What are the Broken Arrow Skyrace cutoffs?

Per the official course pages, the 46K has a 12 hour overall cutoff and the 23K a 7 hour cutoff, with intermediate cutoffs at aid stations along the way (the Village and Snow King checkpoints on the 46K, for example). On paper those numbers look generous. The terrain is not, and the cutoffs catch the people who do not realize how slow steep technical climbing and scrambling at altitude actually is. Always check the exact overall and intermediate cutoffs for your distance and your year on the official Broken Arrow Skyrace website, because the schedule and the course can move year to year.

Is the Broken Arrow Skyrace at altitude, and does that matter?

Yes, and it matters a lot. The courses start from the Village at Palisades Tahoe around 6,200 feet and climb to roughly 9,000 feet, and you spend most of the day above treeline in thin Sierra Nevada air. If you are coming from sea level, every climb is going to feel harder and your fast pace is going to disappear, especially on the steep pitches you hit over and over. Show up a few days early so your body can start adjusting, or do some altitude or hard-climbing work ahead of time. It helps. On race day, pace the high stuff by your breathing and your effort, not by the numbers you see at home.

How technical is the Broken Arrow Skyrace course?

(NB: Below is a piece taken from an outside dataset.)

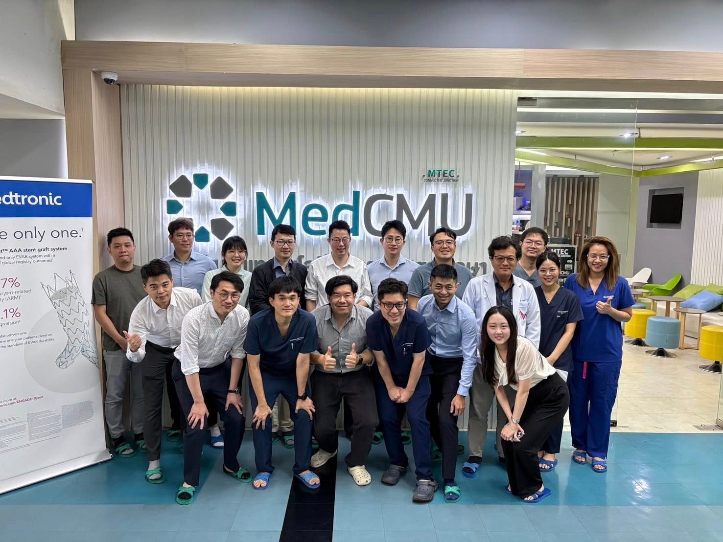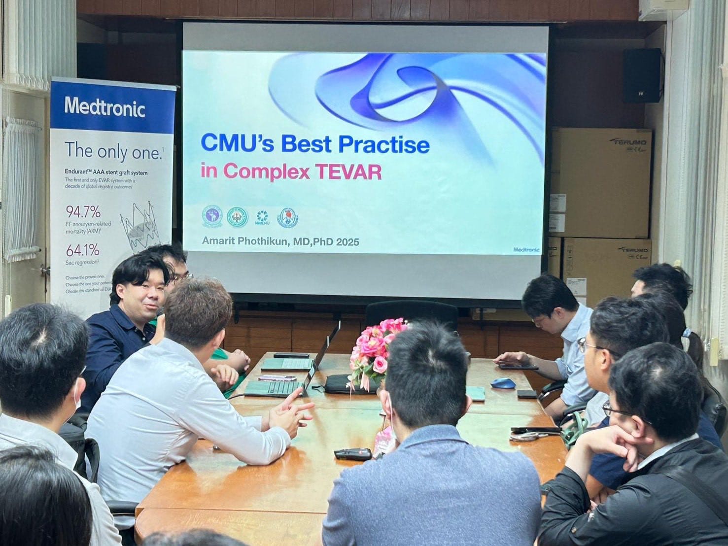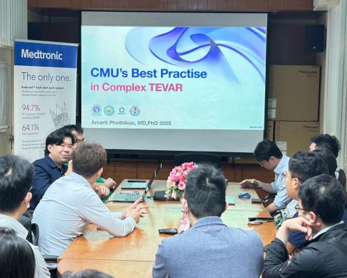近期動態清邁主動脈支架手術的交流 Posted by kelly 這幾日來到清邁大學附設醫院與泰國醫師進行為期3日的主動脈支架手術的交流。Dr. Chayatorn是泰國新生代的血管外科醫師,專精於PMEG(physician modified endograft),透過手工改造主動脈支架,讓更多不適合微創主動脈支架手術但又因手術風險過高不適合接受傳統開腹/開胸主動脈手術的病人可以保有另一個治療選擇。 這趟來除了偷學了一些手術的小撇步外,這趟也有機會結識來自台灣其他醫院的年輕/中生代的醫師,互相交流並發現自己哪裏可以做的更好,不枉此行!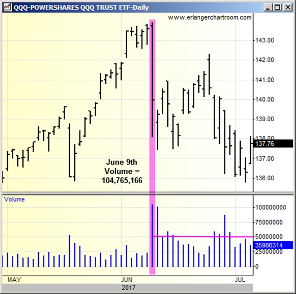 On June 9th, QQQ volume was 104,765,166 shares. The following Monday June 12th, QQQ volume was 101,009,505 shares. Monday was also a day that saw weakness and the QQQ drop -0.54%. Since those days, volume has remained heavy. June 29th saw a drop of -1.74% on the QQQ and volume was 87,153,362 shares.

Very. This is real skyrunning terrain: high-alpine singletrack, exposed rocky ridges, loose scree, steep drop-offs, and hands-on scrambling, plus the via-ferrata-style Stairway to Heaven ladder bolted right to the rock near the high point. A lot of the route is above treeline with nothing to hide behind, and in a big snow year there can still be snow on the upper sections early in the day. If you are not used to moving over rock and being exposed, go practice technical descending and scrambling before race day. And be ready to slow way down and use your hands when the course makes you.

This guide is for planning and training purposes and reflects publicly available information about the Broken Arrow Skyrace. Race details, including the dates, distances, course, aid stations, and cutoffs, can change year to year. Always confirm the current specifics on the official Broken Arrow Skyrace website before you train or travel.